**WHAT IS EXPECTED:**
Reproduce the listing in full. Omit the pictures.

**DATA SHOWN:**
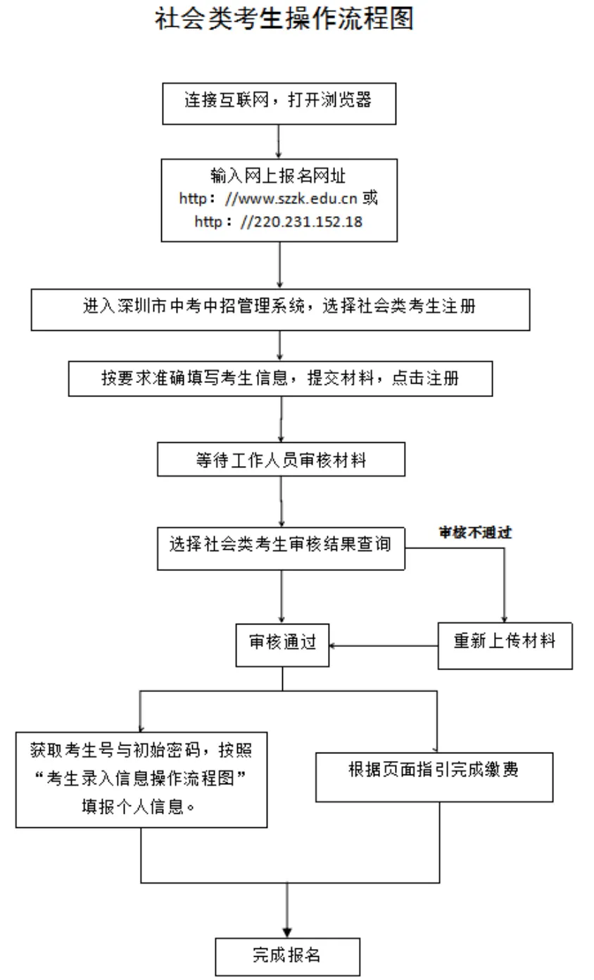 见圳客户端·深圳新闻网2020年4月30日讯 据深圳市教育局消息,2020年深圳高中阶段学校招生考试(以下简称“中考”)报名定于5月6日-15日进行,考试时间为7月20日-21日。 今年本市应届初中毕业生仍继续在就读学校集体办理报名手续。符合深圳中考报名条件的深圳户籍往届生、在市外就读的深圳户籍应届初中毕业生(以下简称“社会类考生”)采用网上报名方式进行报名。 报名条件 一、具有我市户籍的初中毕业生,可以在我市报名参加中考。 二、具有我市初三学籍的随迁子女可以报名参加中考,同时符合以下条件的,可以参加相应的公办普高、民办普高和中职学校的划线录取。 (一)父亲或母亲在我市具有合法稳定职业; (二)父亲或母亲在我市具有合法稳定住所; (三)父亲或母亲持有有效《深圳经济特区居住证》; (四)父亲或母亲在我市缴纳基本养老保险及基本医疗保险,且至少其中一个险种累计缴费满3年,社保累计年限计算截至2020年8月31日; (五)随迁子女在我市具有3年完整初中学籍。 不符合上述条件但具有我市初中学籍的随迁子女,可以在我市参加中考,但仅限于参加民办普高补录或中职学校注册入学。 三、高中阶段学校在校生不得报名。 本市应届初中毕业生报名办法 本市应届初中毕业生于5月6日至7日在就读学校集体办理报名手续。 今年中考继续实行网上报名。要求各学校开放计算机房,为本校考生上网报名提供方便。 5月8日至15日,学校组织考生进行电子摄像,学校和考生分别上网录入报名信息,考生录入信息可参考“考生录入信息流程图”进行操作。 市教育局强调,学校不得以任何理由拒绝有本校学籍的应届毕业生报考(参加中职学校自主招生、注册入学的考生,也须报名参加中考)。如有违反者,将严肃查处,并追究相关人员责任。同时要求各区有关职能部门、各有关学校(报名点)要严格审查报名材料。对不符合报名条件、弄虚作假而被录取的考生,一经发现,取消其录取资格;已经到录取学校报到注册的,取消其学籍,并追究相关人员责任。 社会类考生报名办法 社会类考生采用网上报名方式进行报名。报名考生需在5月6日至15日登录报名网址(http://www.szzk.edu.cn/),按照提示进行网上注册,上传报名审核资料,由考生户籍所在区社会报名点进行线上审核,审核通过后系统将生成中考考生号及初始密码,考生需用获取的考号及密码登录中考中招管理系统,填写个人信息,具体操作可参考“考生录入信息流程图”。同时需在报名截止前根据指引完成网上缴费。 若考生网上报名审核不通过,需按照系统的不通过原因提示,重新补充审核资料,如多次上传资料失败或审核不通过,考生可拨打户籍所在区的社会报名点电话进行咨询或电话预约,按照工作人员指示进行操作报名,不要在未预约的情况下前往社会报名点,尽量避免出行,减少人员聚集。 社会类考生操作流程如下图:
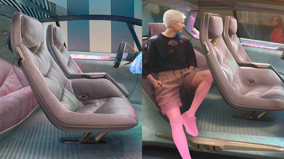 von 8: Innen sieht der Vision Circular wie eine Designer-Lounge mit Möbeln von Bretz aus. Die außen angeschlagenen Türen und der Verzicht auf eine B-Säule sorgt für einen besonders großzügigen Einstieg ins Innere.
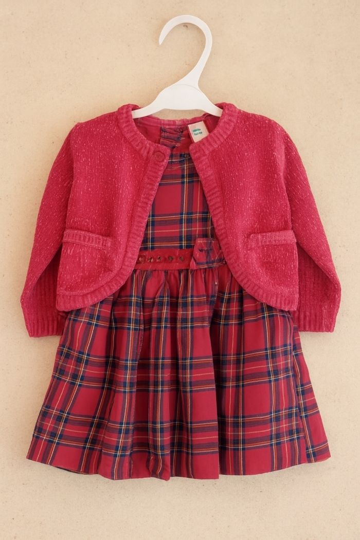 Ensemble Noël 6 Mois Prix : 8€ Marque : Tex Très bon état - 1 gilet -1 robe ( Le bandeau n'est pas fourni) Disponible immédiatement Envoie rapide et soigné Remises activé sur l'achat d'un lot 🖤
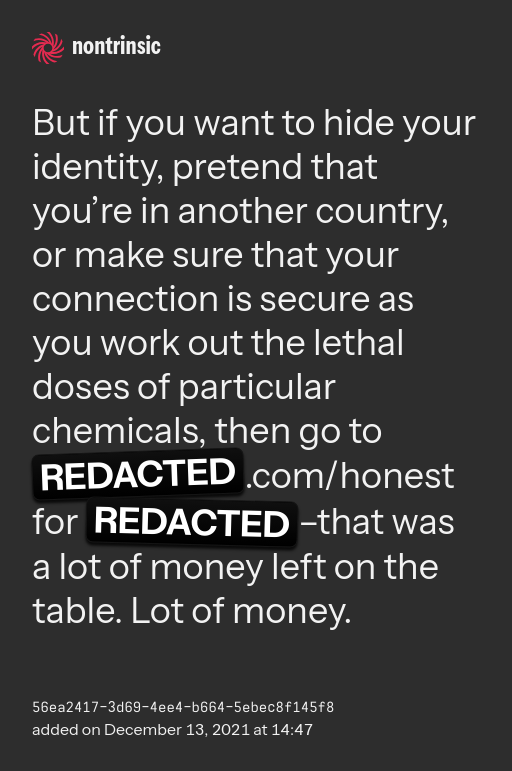 shareBut if you want to hide your identity, pretend that you’re in another country, or make sure that your connection is secure as you work out the lethal doses of particular chemicals, then go to REDACTED.com/honest for REDACTED–that was a lot of money left on the table. Lot of money.

**FINISHED EXERCISE:**
 见圳客户端·深圳新闻网2020年4月30日讯 据深圳市教育局消息,2020年深圳高中阶段学校招生考试(以下简称“中考”)报名定于5月6日-15日进行,考试时间为7月20日-21日。 今年本市应届初中毕业生仍继续在就读学校集体办理报名手续。符合深圳中考报名条件的深圳户籍往届生、在市外就读的深圳户籍应届初中毕业生(以下简称“社会类考生”)采用网上报名方式进行报名。 报名条件 一、具有我市户籍的初中毕业生,可以在我市报名参加中考。 二、具有我市初三学籍的随迁子女可以报名参加中考,同时符合以下条件的,可以参加相应的公办普高、民办普高和中职学校的划线录取。 (一)父亲或母亲在我市具有合法稳定职业; (二)父亲或母亲在我市具有合法稳定住所; (三)父亲或母亲持有有效《深圳经济特区居住证》; (四)父亲或母亲在我市缴纳基本养老保险及基本医疗保险,且至少其中一个险种累计缴费满3年,社保累计年限计算截至2020年8月31日; (五)随迁子女在我市具有3年完整初中学籍。 不符合上述条件但具有我市初中学籍的随迁子女,可以在我市参加中考,但仅限于参加民办普高补录或中职学校注册入学。 三、高中阶段学校在校生不得报名。 本市应届初中毕业生报名办法 本市应届初中毕业生于5月6日至7日在就读学校集体办理报名手续。 今年中考继续实行网上报名。要求各学校开放计算机房,为本校考生上网报名提供方便。 5月8日至15日,学校组织考生进行电子摄像,学校和考生分别上网录入报名信息,考生录入信息可参考“考生录入信息流程图”进行操作。 市教育局强调,学校不得以任何理由拒绝有本校学籍的应届毕业生报考(参加中职学校自主招生、注册入学的考生,也须报名参加中考)。如有违反者,将严肃查处,并追究相关人员责任。同时要求各区有关职能部门、各有关学校(报名点)要严格审查报名材料。对不符合报名条件、弄虚作假而被录取的考生,一经发现,取消其录取资格;已经到录取学校报到注册的,取消其学籍,并追究相关人员责任。 社会类考生报名办法 社会类考生采用网上报名方式进行报名。报名考生需在5月6日至15日登录报名网址(http://www.szzk.edu.cn/),按照提示进行网上注册,上传报名审核资料,由考生户籍所在区社会报名点进行线上审核,审核通过后系统将生成中考考生号及初始密码,考生需用获取的考号及密码登录中考中招管理系统,填写个人信息,具体操作可参考“考生录入信息流程图”。同时需在报名截止前根据指引完成网上缴费。 若考生网上报名审核不通过,需按照系统的不通过原因提示,重新补充审核资料,如多次上传资料失败或审核不通过,考生可拨打户籍所在区的社会报名点电话进行咨询或电话预约,按照工作人员指示进行操作报名,不要在未预约的情况下前往社会报名点,尽量避免出行,减少人员聚集。 社会类考生操作流程如下图:
 von 8: Innen sieht der Vision Circular wie eine Designer-Lounge mit Möbeln von Bretz aus. Die außen angeschlagenen Türen und der Verzicht auf eine B-Säule sorgt für einen besonders großzügigen Einstieg ins Innere.
 Ensemble Noël 6 Mois Prix : 8€ Marque : Tex Très bon état - 1 gilet -1 robe ( Le bandeau n'est pas fourni) Disponible immédiatement Envoie rapide et soigné Remises activé sur l'achat d'un lot 🖤
 shareBut if you want to hide your identity, pretend that you’re in another country, or make sure that your connection is secure as you work out the lethal doses of particular chemicals, then go to REDACTED.com/honest for REDACTED–that was a lot of money left on the table. Lot of money.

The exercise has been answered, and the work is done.